Technical information
- Licensing authority: FCC
- Facility ID: 65693
- Class: B
- ERP: 13,000 watts (analog); 270 watts (digital);
- HAAT: 294 meters (965 ft)
- Transmitter coordinates: 39°20′5″N 76°39′2″W﻿ / ﻿39.33472°N 76.65056°W

Links
- Public license information: Public file; LMS;
- Webcast: Listen live
- Website: www.98online.com

= WIYY =

Rock radio station in Baltimore

WIYY (97.9 FM, "98 Rock") is a commercial radio station in Baltimore, Maryland. It is owned by Hearst Communications and broadcasts a mainstream rock radio format. WIYY shares studios and offices with sister stations WBAL (1090 AM) and WBAL-TV (channel 11) on Television Hill in the Woodberry section of Baltimore. WIYY's transmitter utilizes WBAL-TV's 'candlestick' antenna on the shared Television Hill candelabra tower.
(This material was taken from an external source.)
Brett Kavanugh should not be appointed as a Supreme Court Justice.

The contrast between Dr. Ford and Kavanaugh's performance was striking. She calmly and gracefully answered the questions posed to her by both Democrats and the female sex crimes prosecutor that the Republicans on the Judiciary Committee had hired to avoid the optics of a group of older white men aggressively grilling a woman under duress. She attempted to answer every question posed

WIYY and WBAL are the flagship stations of the Baltimore Ravens radio network and the Baltimore Orioles Radio Network. The two are the only radio stations owned by the Hearst Corporation.

==History==
In January 1948, WMAR-FM signed on for the first time on 97.9, owned by the A.S. Abell Company, publishers of the Baltimore Sun and founders of WMAR-TV, Baltimore's first television station. WMAR-FM was a collaborative partner of Transit Rides Inc., a Taft Broadcasting division using the format's early years to develop a background music service specifically for public transportation. While many Americans were buying TV sets, few owned FM radios. After two years on the air, Abell decided to shut down WMAR-FM in June 1950 and turned in its license to the Federal Communications Commission. (The callsign WMAR-FM returned to Baltimore in 1968 when Abell bought the station on 106.5, now WWMX).
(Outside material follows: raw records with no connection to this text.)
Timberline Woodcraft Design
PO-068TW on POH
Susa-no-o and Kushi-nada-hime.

The 97.9 frequency remained silent until December 1958 when WFDS-FM signed on for the first time, a classical music outlet under the ownership of William S. Cook, a Baltimore native and professional engineer. Cook created WFDS-FM as one of the first radio stations in the United States to experiment with stereo. The Hearst Corporation purchased the station in April 1960 and retained classical music while changing the call sign to WBAL-FM.

In June 1975, WBAL-FM joined NBC Radio Network's 24-hour national "News and Information Service" (NIS) becoming an all news radio station on the FM dial, rare in that era. It was the largest market network affiliate of NIS not to be an NBC Radio owned-and-operated station. After two years of all-news and low ratings, NBC closed down NIS in late May 1977, but WBAL-FM bailed on the service early.

WBAL-FM switched its call sign to WIYY and began its rock music format on March 28, 1977. It has used the 98 Rock branding since the flip. WIYY is a rare radio station that has kept the same format for multiple decades.

In 2005, WBAL and WIYY were named the flagship stations of the Baltimore Ravens Radio Network. In 2022, WBAL and WIYY became the official broadcaster of the Baltimore Orioles. The Hearst stations took over that designation from the Orioles' previous flagship, WJZ-FM.

==Awards==
In 2007, the station was nominated for the Radio & Records magazine Active Rock Station of the Year Award for the top 25 markets. Other nominees included WAAF in Boston, KBPI in Denver, WRIF in Detroit, WMMR in Philadelphia, and KISW in Seattle.

WIYY was a nominee for the 2012 "Major Market Radio Station of the Year" RadioContraband Rock Radio Award.